At-Large D.C. Councilmember Phil Mendelson, tells the Post an earlier curfew would not have prevented Friday’s fight. So there aren’t any magic solution to curb these types of incidents, aside from more police patrols and better communication between Metropolitan Police Department officers on the streets and Metro Transit Police inside the system. (There will be some Green Line patrols by the D.C. Guardian Angels, however.)
Since 2005, Metrorail crime has increased.
One matter that is worth closer observation: Could the group violence on Metro be a version of the “flashmob” brawls police in Philadelphia were dealing with earlier this year? (There is some debate, however, whether Twitter, text messaging and other social networking really sparked the threatening gatherings on Philly’s South Street, which drew big national media attention at the time.)

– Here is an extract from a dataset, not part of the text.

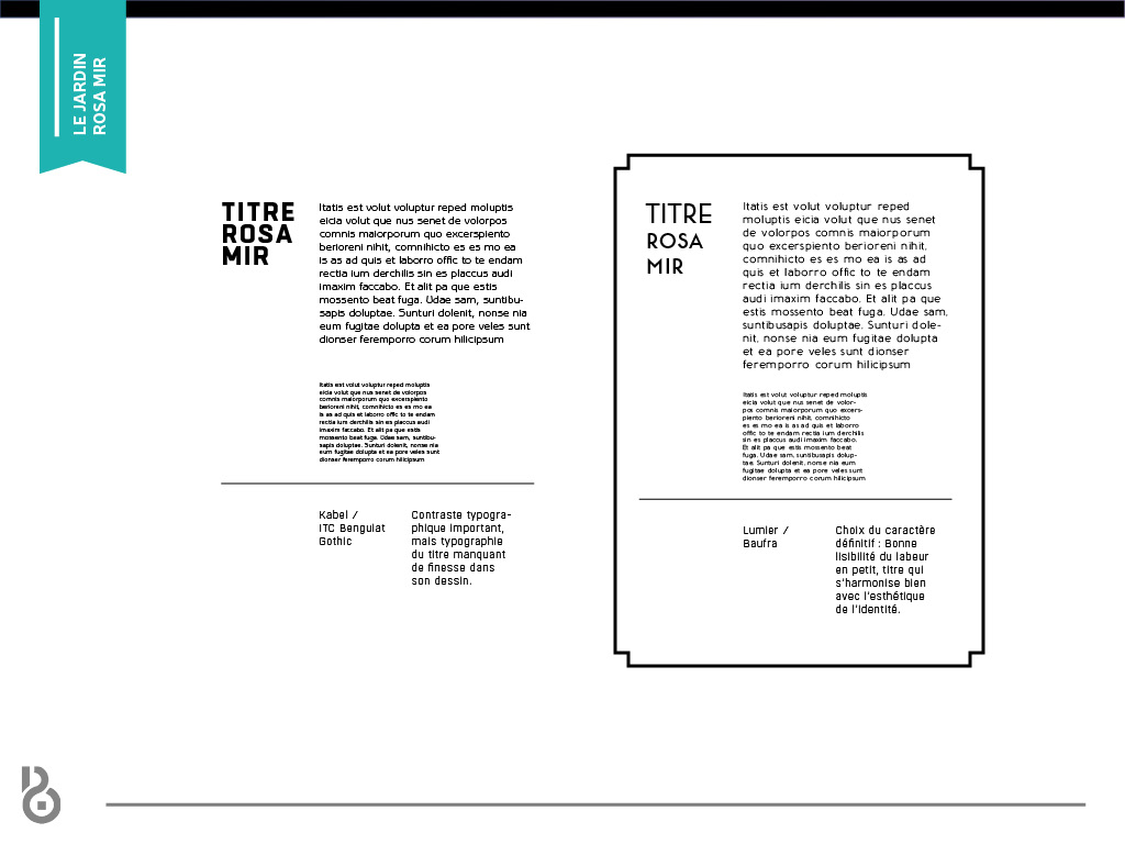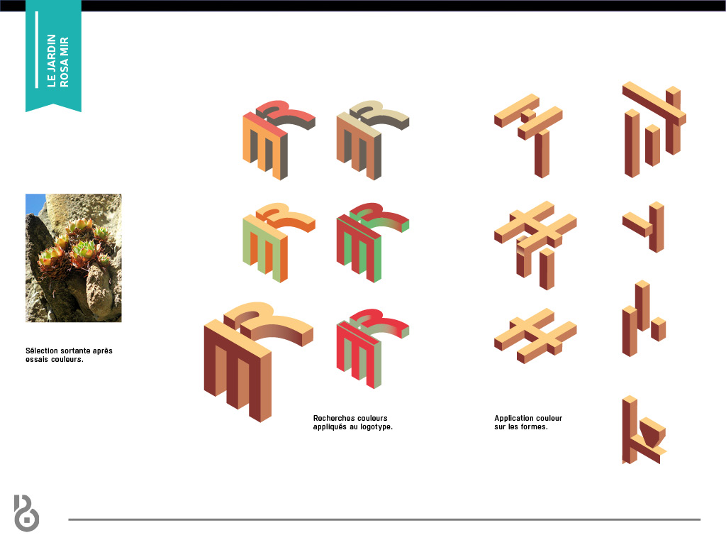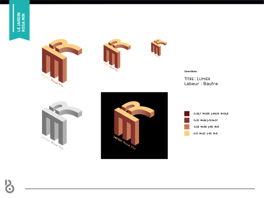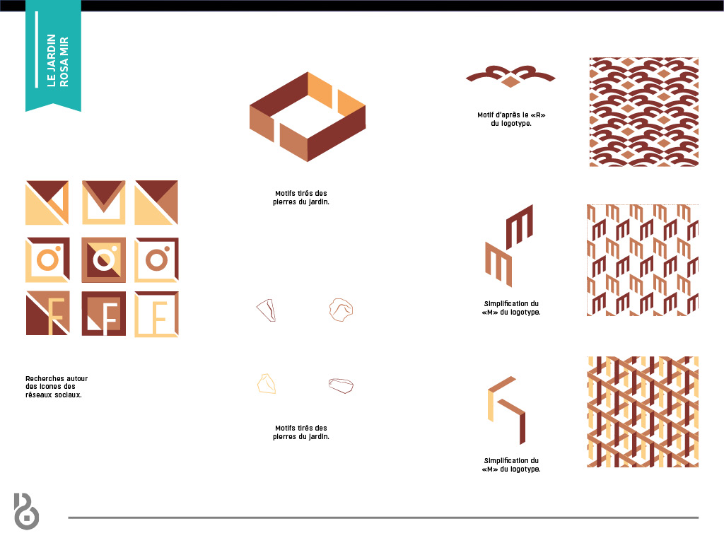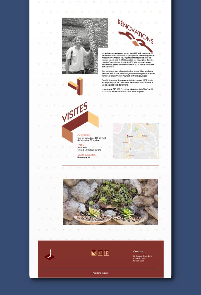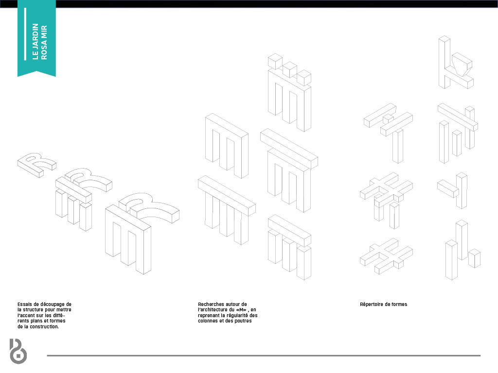 Identité visuelle et webdesign du Jardin Rosa Mir à Lyon. L’identité se base sur l’architecture particulière du jardin, composée essentiellement de structures superposées et entrecoupées les unes aux autres.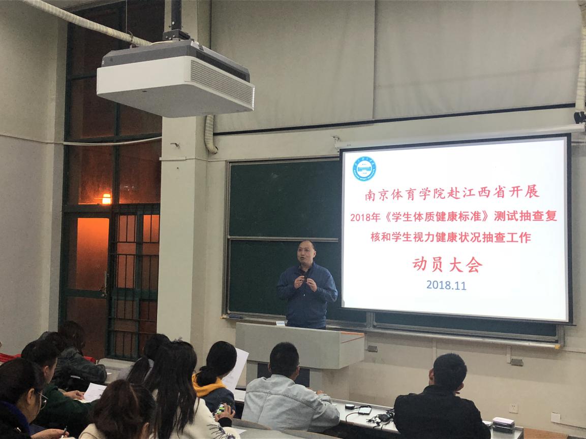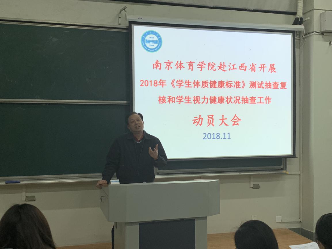 11月13日晚上18:30,PA视讯集团入口赴江西省开展2018年《学生体质健康标准》测试抽查复核和学生视力健康状况抽查工作动员大会在教学实验楼阶二教室召开。校党委副书记、副校长史国生出席会议并作动员讲话。全体参与此项工作的师生参加了动员会。

Certainly, though, phone-savvy teens and young adults are able to exchange real-time information while they’re out and about, something they would have had difficulty doing just a few years ago. Flashmobs can also do this, and this, which is scary in its own way.
Lest anyone think this is a D.C.-specific concern, it’s important to remember that large groups of angry people can turn violent quickly. Two weekends back in Brooklyn, I stumbled upon a grizzly sidewalk murder scene where a “mob” of 20 young men, armed with crowbars and tire irons, killed one and sent another to the hospital with serious stab wounds—in the end, a far more severe incident than Friday’s Metro brawl.